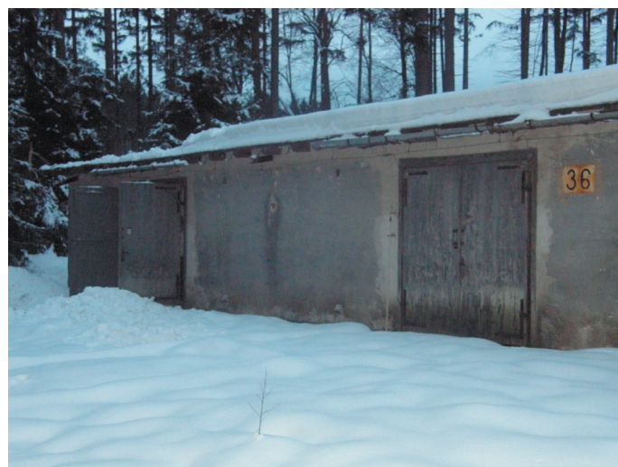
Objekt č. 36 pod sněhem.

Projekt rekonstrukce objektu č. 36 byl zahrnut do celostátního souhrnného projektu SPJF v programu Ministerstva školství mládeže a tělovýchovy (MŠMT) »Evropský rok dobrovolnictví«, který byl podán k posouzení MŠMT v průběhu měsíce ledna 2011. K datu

════

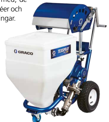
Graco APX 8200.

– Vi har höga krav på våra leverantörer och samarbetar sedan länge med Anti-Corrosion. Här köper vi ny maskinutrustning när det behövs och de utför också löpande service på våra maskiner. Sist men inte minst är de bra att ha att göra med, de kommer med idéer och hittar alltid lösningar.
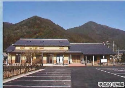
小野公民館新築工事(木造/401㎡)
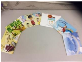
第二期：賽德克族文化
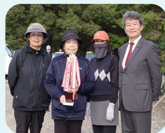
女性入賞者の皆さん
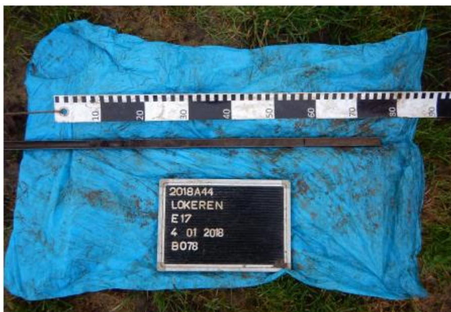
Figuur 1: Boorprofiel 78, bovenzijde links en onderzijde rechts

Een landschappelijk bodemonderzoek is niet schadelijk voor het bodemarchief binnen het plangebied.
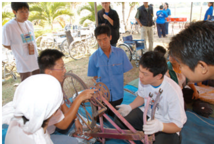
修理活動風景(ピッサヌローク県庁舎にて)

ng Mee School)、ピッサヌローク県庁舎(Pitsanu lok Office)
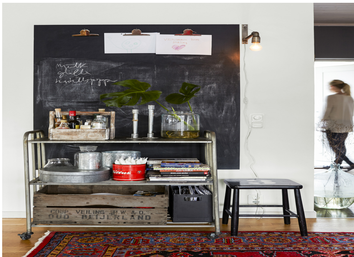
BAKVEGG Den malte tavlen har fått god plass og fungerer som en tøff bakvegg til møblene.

════

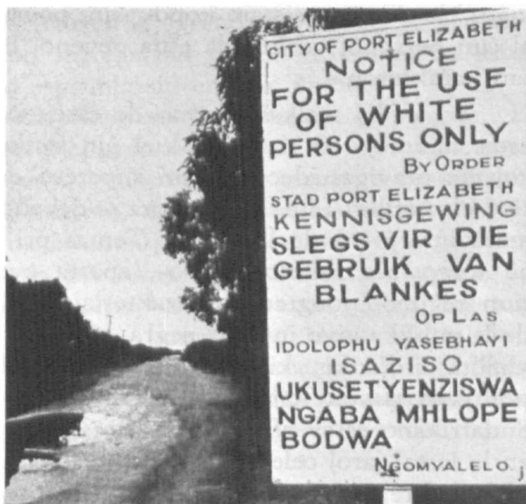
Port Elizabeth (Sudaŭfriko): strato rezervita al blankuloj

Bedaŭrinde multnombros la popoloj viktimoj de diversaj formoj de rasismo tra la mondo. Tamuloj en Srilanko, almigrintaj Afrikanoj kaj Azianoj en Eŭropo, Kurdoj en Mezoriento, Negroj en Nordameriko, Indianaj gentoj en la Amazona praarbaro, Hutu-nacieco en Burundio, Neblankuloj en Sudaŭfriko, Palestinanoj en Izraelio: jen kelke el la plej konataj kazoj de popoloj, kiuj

════

**WORK INSTRUCTIONS:** Retype exactly, and only, the lines above from the one where "Objekt č. 36 pod sněhem." occurs up to and including the one where "Projekt rekonstrukce objektu" occurs.

**ANSWER SPACE:**
Objekt č. 36 pod sněhem.

Projekt rekonstrukce objektu č. 36 byl zahrnut do celostátního souhrnného projektu SPJF v programu Ministerstva školství mládeže a tělovýchovy (MŠMT) »Evropský rok dobrovolnictví«, který byl podán k posouzení MŠMT v průběhu měsíce ledna 2011. K datu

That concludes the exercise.